Mr. Weiss - was appointed Executive Vice President - Business and Legal
Affairs in August 1993. From September, 1992 to August 1993, he was Senior
Vice President - Business and Legal Affairs. From September 1987 to September,
1992, he was Vice President - Business and Legal Affairs.
Messrs. Pattiz, Kanter, Batusic and Weiss have written employment
agreements with the Company (Also see "Executive Compensation - Employment
Agreements" appearing elsewhere in this report). All other officers of the
Company and its subsidiaries serve at the discretion of the Board of Directors.
Upon the close of the pending acquisition of Unistar (expected on or about
February 3, 1994 and as more fully discussed in "Item 1 - Business - Business
Strategy" appearing elsewhere in this report), Messrs. Pattiz and Kanter will
no longer serve as Chief Executive Officer and Chief Financial Officer,
respectively, of the Company.
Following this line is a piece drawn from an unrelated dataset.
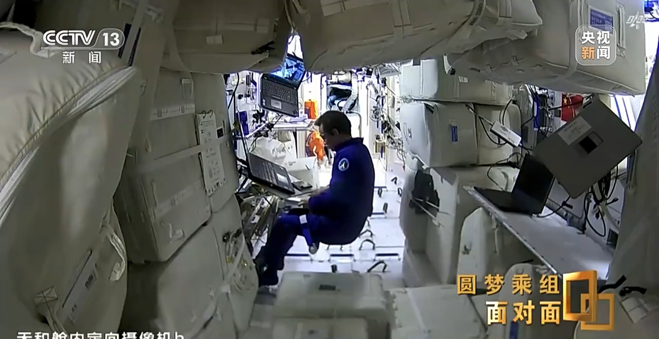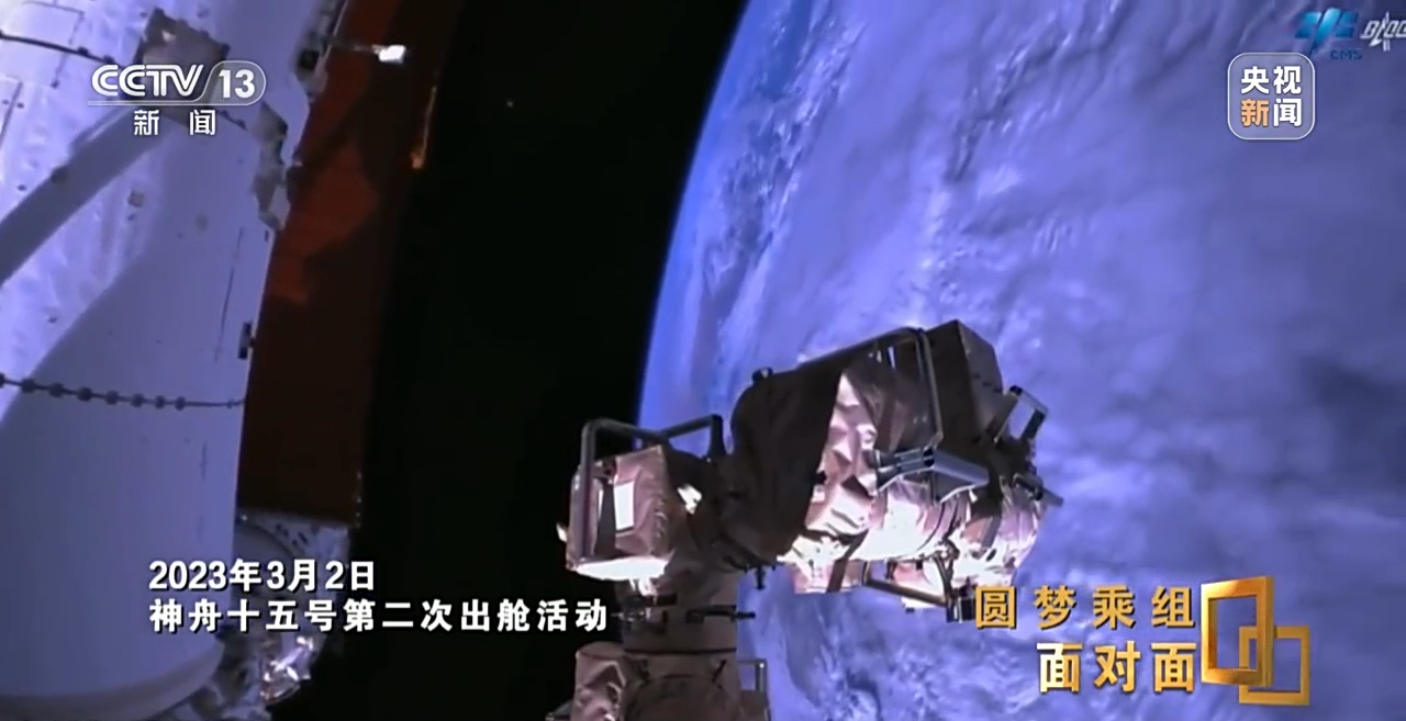 这是他们首次漫步太空,费俊龙携带设备和工具搭乘大小机械臂组合臂在舱段间进行转移,张陆则沿舱壁爬行至作业点。

These positions will be held by Mel Karmazin and
Farid Suleman, the Chief Executive Officer and Chief Financial Officer,
respectively, of Infinity.
COMPLIANCE WITH SECTION 16(a) OF THE EXCHANGE ACT
Section 16(a) of the Securities Exchange Act of 1934 requires the
Company's officers and directors, and persons who own more than ten percent of
a registered class of the Company's equity securities, to file reports of
ownership and changes in ownership with the Securities and Exchange Commission.
Officers, directors and more than ten percent shareholders are required by
Securities and Exchange Commission regulation to furnish the Company with copies
of all Section 16(a) forms they file.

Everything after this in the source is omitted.